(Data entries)
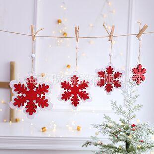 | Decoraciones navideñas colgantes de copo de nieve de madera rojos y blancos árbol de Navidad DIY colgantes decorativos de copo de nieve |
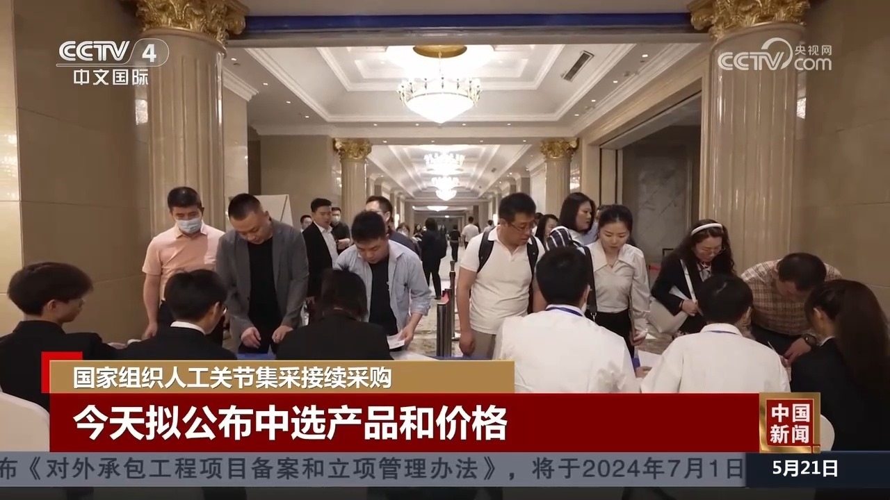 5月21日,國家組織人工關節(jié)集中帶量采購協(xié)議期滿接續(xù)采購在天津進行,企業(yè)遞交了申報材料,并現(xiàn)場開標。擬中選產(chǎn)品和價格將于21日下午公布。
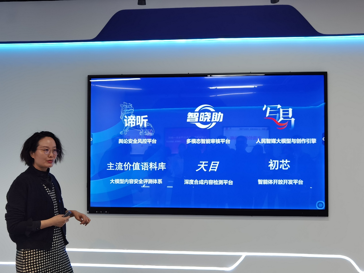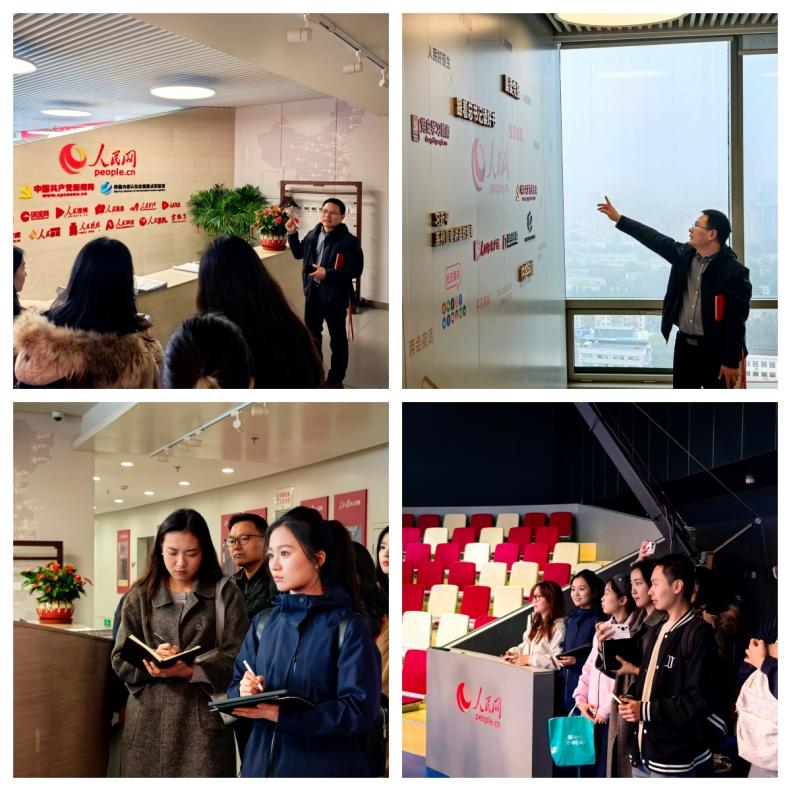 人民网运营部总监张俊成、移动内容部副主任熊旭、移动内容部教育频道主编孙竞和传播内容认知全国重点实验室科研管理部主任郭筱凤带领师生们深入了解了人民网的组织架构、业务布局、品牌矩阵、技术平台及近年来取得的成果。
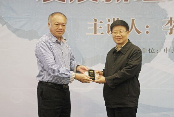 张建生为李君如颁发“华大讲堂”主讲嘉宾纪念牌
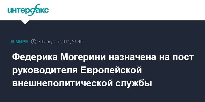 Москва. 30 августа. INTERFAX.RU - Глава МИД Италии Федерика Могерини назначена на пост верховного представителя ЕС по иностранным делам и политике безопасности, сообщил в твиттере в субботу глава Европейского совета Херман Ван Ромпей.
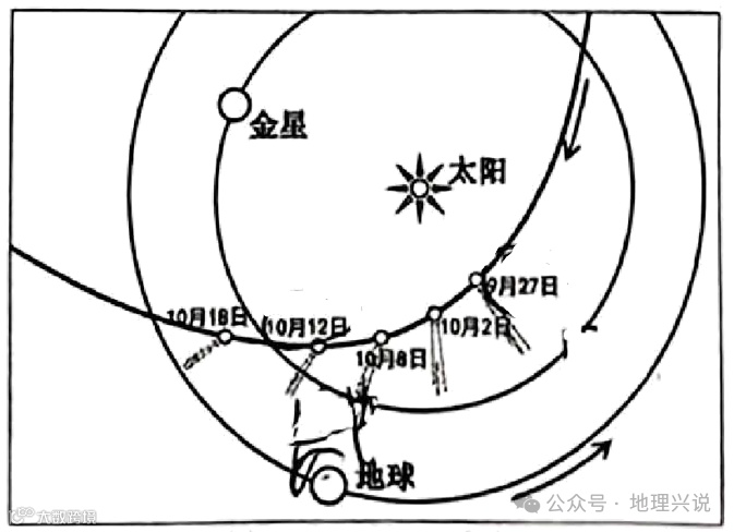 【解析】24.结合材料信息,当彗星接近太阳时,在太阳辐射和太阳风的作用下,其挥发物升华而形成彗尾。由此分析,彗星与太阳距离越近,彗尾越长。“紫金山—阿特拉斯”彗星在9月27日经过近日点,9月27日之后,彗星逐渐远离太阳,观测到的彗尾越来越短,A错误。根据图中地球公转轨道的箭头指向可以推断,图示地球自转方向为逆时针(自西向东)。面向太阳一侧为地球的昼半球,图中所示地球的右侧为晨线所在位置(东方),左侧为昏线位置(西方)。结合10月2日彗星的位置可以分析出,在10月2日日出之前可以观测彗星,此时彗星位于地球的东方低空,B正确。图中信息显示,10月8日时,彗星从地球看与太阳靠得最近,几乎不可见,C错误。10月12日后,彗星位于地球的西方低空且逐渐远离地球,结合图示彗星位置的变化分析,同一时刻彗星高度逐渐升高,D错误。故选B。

## Your instructions
Print out the entries above word for word from the first line to the line containing "人民网运营部总监张俊成、移动", both included, omitting the pictures.

## Response below
 | Decoraciones navideñas colgantes de copo de nieve de madera rojos y blancos árbol de Navidad DIY colgantes decorativos de copo de nieve |
 5月21日,國家組織人工關節(jié)集中帶量采購協(xié)議期滿接續(xù)采購在天津進行,企業(yè)遞交了申報材料,并現(xiàn)場開標。擬中選產(chǎn)品和價格將于21日下午公布。
 人民网运营部总监张俊成、移动内容部副主任熊旭、移动内容部教育频道主编孙竞和传播内容认知全国重点实验室科研管理部主任郭筱凤带领师生们深入了解了人民网的组织架构、业务布局、品牌矩阵、技术平台及近年来取得的成果。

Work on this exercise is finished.